(Your assignment)
Data follows below. Repeat exactly the lines between the line holding "Thisย coordinated setย" and the line holding "Raise the standards", inclusive, and nothing more; drop pictures.

(Records provided)
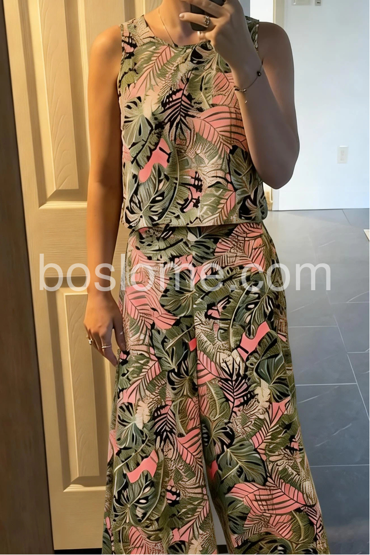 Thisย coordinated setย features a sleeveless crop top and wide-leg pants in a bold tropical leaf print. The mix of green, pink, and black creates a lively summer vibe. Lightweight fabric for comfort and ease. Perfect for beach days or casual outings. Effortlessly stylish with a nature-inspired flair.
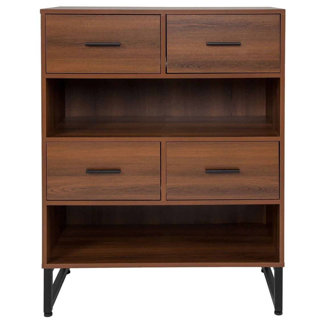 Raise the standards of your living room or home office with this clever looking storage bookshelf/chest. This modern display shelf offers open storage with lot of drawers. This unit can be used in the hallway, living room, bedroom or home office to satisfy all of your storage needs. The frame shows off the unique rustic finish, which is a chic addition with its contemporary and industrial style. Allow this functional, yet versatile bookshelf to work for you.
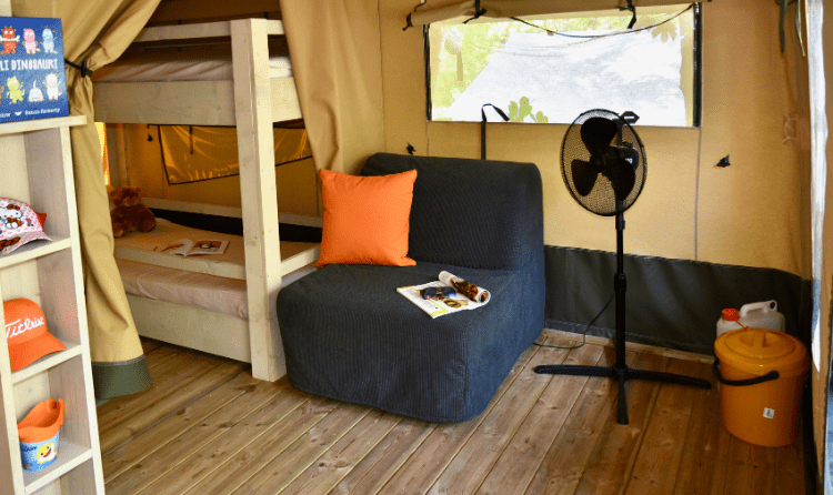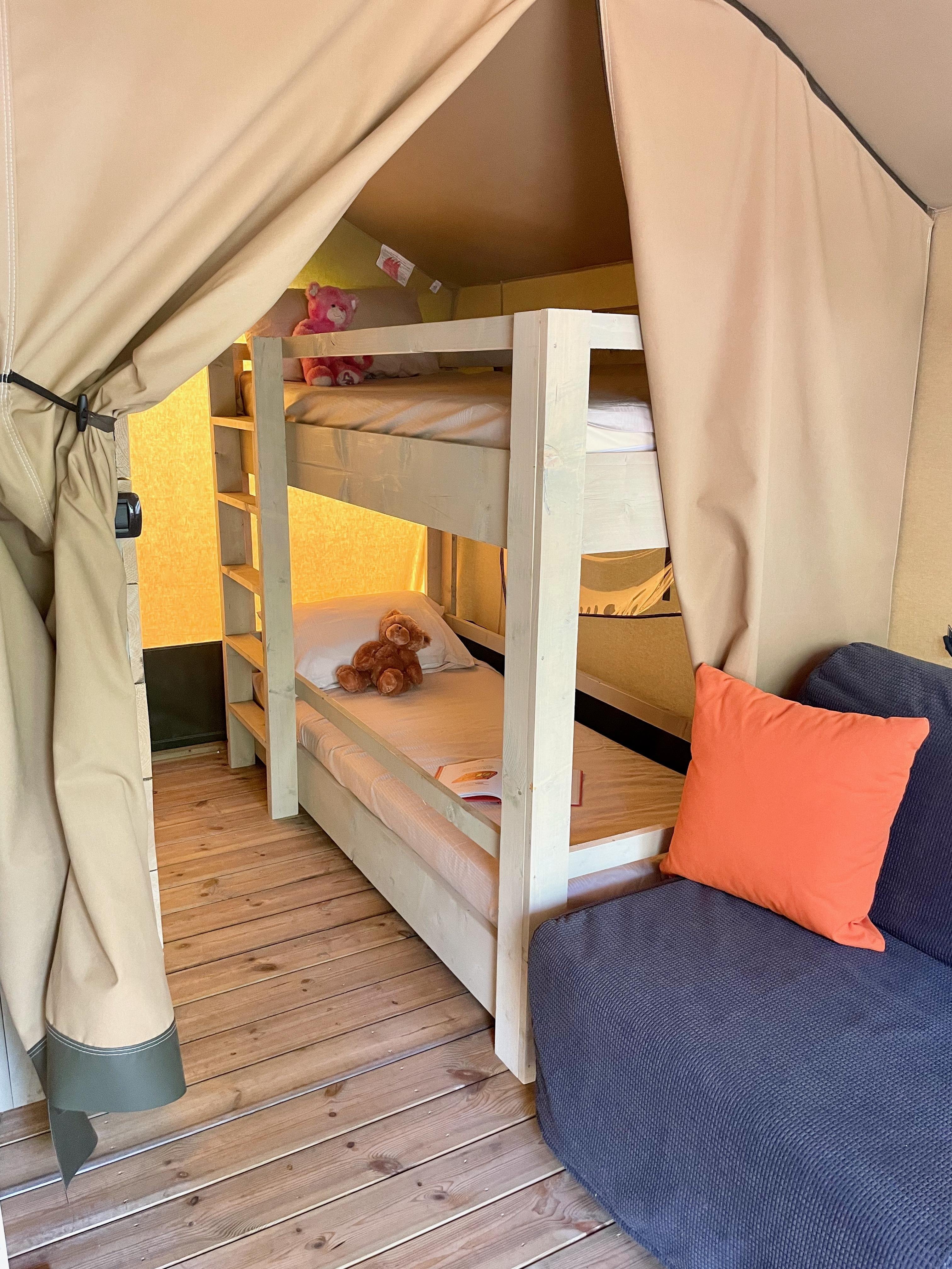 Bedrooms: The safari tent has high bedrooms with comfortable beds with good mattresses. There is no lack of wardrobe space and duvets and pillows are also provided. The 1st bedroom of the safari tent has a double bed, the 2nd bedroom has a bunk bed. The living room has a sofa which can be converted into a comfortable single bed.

==

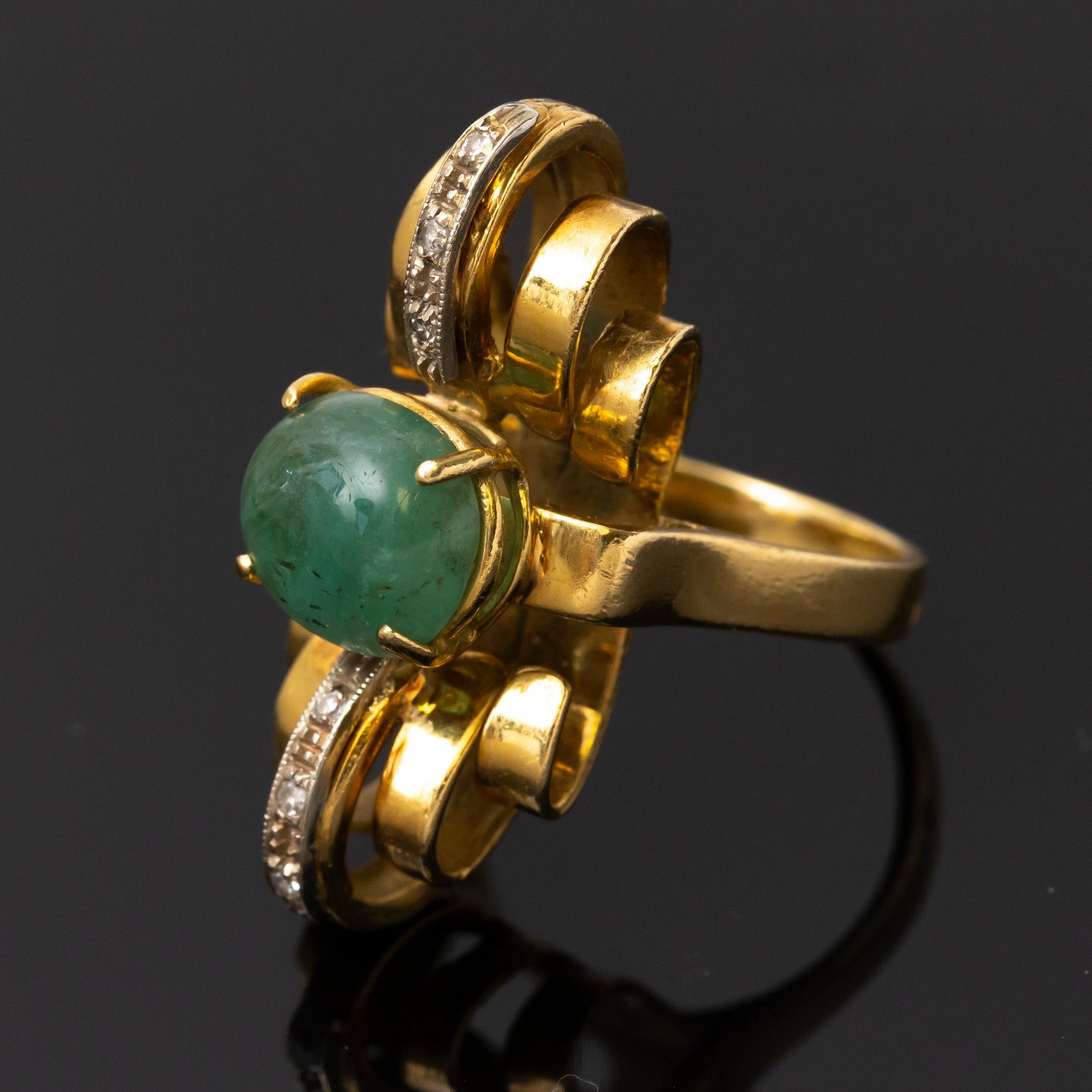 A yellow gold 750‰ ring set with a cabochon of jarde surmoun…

* * *

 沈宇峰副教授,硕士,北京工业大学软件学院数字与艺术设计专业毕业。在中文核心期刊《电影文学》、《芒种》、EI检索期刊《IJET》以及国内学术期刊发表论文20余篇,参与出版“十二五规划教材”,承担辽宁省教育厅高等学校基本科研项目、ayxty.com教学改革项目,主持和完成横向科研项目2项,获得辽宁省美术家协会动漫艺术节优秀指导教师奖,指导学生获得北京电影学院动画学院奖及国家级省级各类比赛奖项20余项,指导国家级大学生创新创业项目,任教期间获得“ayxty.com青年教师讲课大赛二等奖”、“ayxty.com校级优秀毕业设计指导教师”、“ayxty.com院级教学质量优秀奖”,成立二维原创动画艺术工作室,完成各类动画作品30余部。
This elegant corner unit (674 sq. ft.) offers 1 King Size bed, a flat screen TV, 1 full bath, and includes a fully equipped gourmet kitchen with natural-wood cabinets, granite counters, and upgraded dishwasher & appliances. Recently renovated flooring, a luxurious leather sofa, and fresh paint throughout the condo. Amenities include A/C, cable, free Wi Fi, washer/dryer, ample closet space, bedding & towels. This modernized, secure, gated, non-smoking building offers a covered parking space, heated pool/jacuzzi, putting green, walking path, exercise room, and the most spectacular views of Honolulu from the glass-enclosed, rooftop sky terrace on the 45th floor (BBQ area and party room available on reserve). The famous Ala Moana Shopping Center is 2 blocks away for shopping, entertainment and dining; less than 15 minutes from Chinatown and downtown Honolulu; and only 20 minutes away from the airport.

(Answer to this exercise)
 Thisย coordinated setย features a sleeveless crop top and wide-leg pants in a bold tropical leaf print. The mix of green, pink, and black creates a lively summer vibe. Lightweight fabric for comfort and ease. Perfect for beach days or casual outings. Effortlessly stylish with a nature-inspired flair.
 Raise the standards of your living room or home office with this clever looking storage bookshelf/chest. This modern display shelf offers open storage with lot of drawers. This unit can be used in the hallway, living room, bedroom or home office to satisfy all of your storage needs. The frame shows off the unique rustic finish, which is a chic addition with its contemporary and industrial style. Allow this functional, yet versatile bookshelf to work for you.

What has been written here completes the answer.